A presidential act of piracy

Tuesday, June 22, 2010

I am rarely known as a great lover of oil companies or as a defender of their faith. Indeed, I have in recent years devoted my fortune, efforts and all waking energies to the development of disruptive technologies designed specifically to effect their total obsolescence.

We produce videos on how to convert your car to electric drive. If we can influence sufficient men of vigor to do so, the dependence on foreign oil will be entirely eliminated, and most of the world's largest and most profitable companies will be largely marginalized. I cannot imagine a picture with me serving as flag waver for any oil company.

That said, I have just witnessed the widely lauded "presidential" bold initiative in calling BP's chief executive officer on the carpet in the Oval Office to extract a $20 billion tribute with unspeakable embarrassment and shame.

There can be no question it was involuntary. Indeed, our elected head of state announced both his intention and the dollar figure on national television the evening before the meeting. That BP acceded to his demand poses poor surprise. As such, it serves as a public example of executive piracy, placing the United States on a moral plane with Somalian pirates, holding captive tourists ransom for cash.

From our first agreement of the various states to act as one nation, we are founded on the principle of a nation of laws and not of rulers. We intentionally, and at a time when it was truly an innovation, gave up the efficiencies of royal decree and law as the whim of one trusted leader, be it king or despot.

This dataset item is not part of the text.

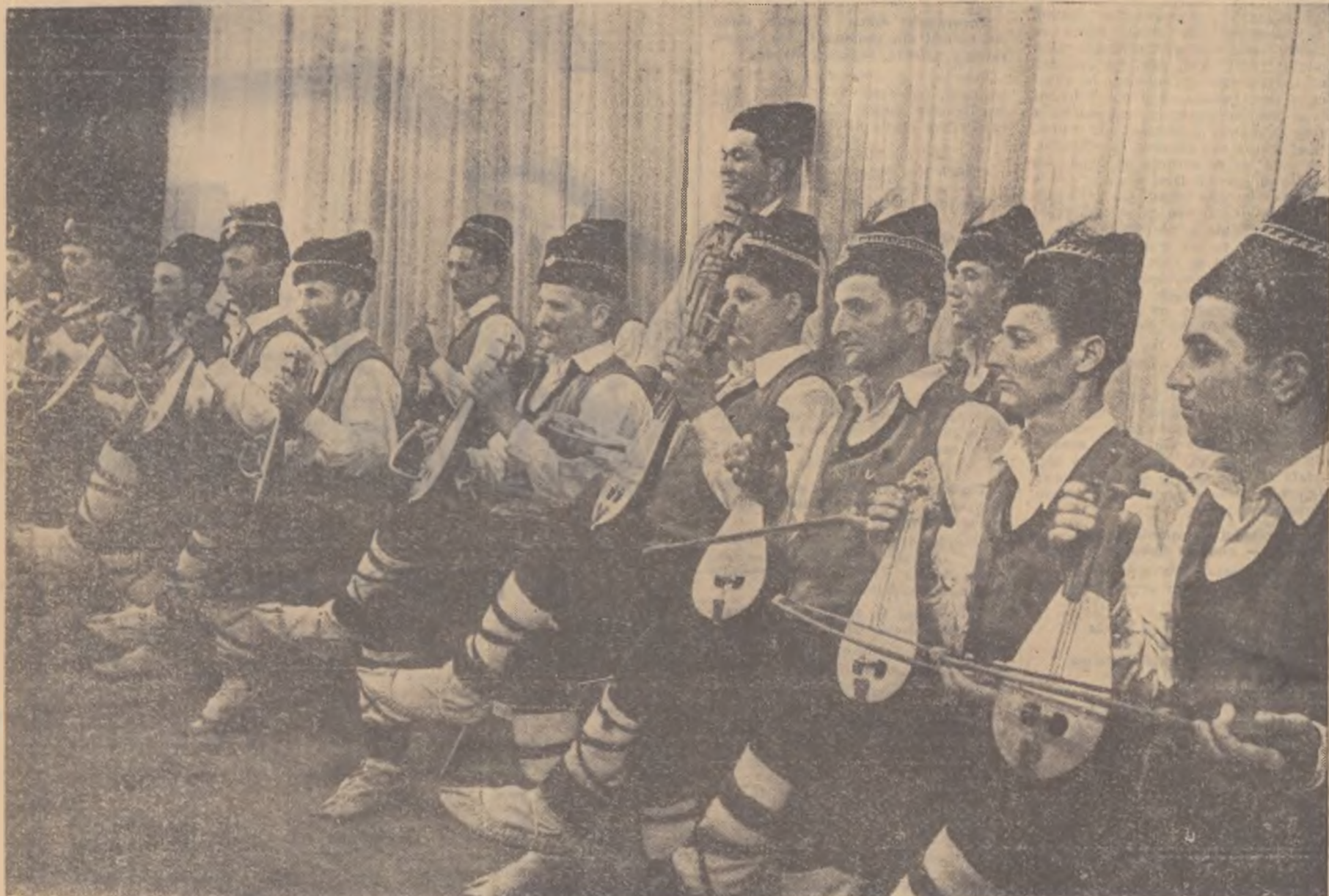
Biblioteca Centrală Regiune 3 Hunedoara-Deva

Tibalca este un instrument muzical popular cu veche tradiție în unele sate din Dobrogea. Oieri și pescari vestiți, colectivștii din comuna Ciarnurlița de Jos, satul Lunca, raionul Istria, sînt la fel de vestiți și ca țibalca. O răsplată binemeritată a acestei formații este mențiunea primită la al V-lea Concurs pe țară al artiștilor amatori.

Instead, we were to be ruled by agreed laws and regulations created by our elected representatives, in concert, and enforced in as just manner as a Byzantine system of checks and balances could ensure, however imperfectly.

President Obama's shakedown of BP represents a scurrilous and craven act more akin to organized crime and neighborhood protection rackets. With no due process of law or even an allusion to one, he summarily threatened BP and demanded a tribute of $20 billion with no strings attached. All this for the sake of appearing to do something presidential in the face of a technical problem he is ill equipped as "neighborhood organizer" to deal with.

In stereotypical fashion, he fell back on soliciting a "sponsorship" from a "corporation" to fund his plans. But his use of presidential power and the weight of the United States government to coerce the "contribution" in this case constitutes piracy, and more broadly high treason, with scant room for intellectual remove or debate.

With deep embarrassment, I do apologize publicly and in all sincerity for the actions of my president, and to any and all who will hear. This is not who we are as a people, nor as a land, nor as a nation.

As to President Obama, nothing less than his immediate resignation from office will suffice, herein called for this date.

I would urge his successor to return these ill-gotten gains immediately and proceed in dealing with this situation, and with BP, in lawful fashion as the designated spokesman and executive officer for the republic.

As to the overly and utterly predictable moronic response: It matters not who they are or what they have done. It does matter who we are, and what we do.

Jack Rickard is a Cape Girardeau resident.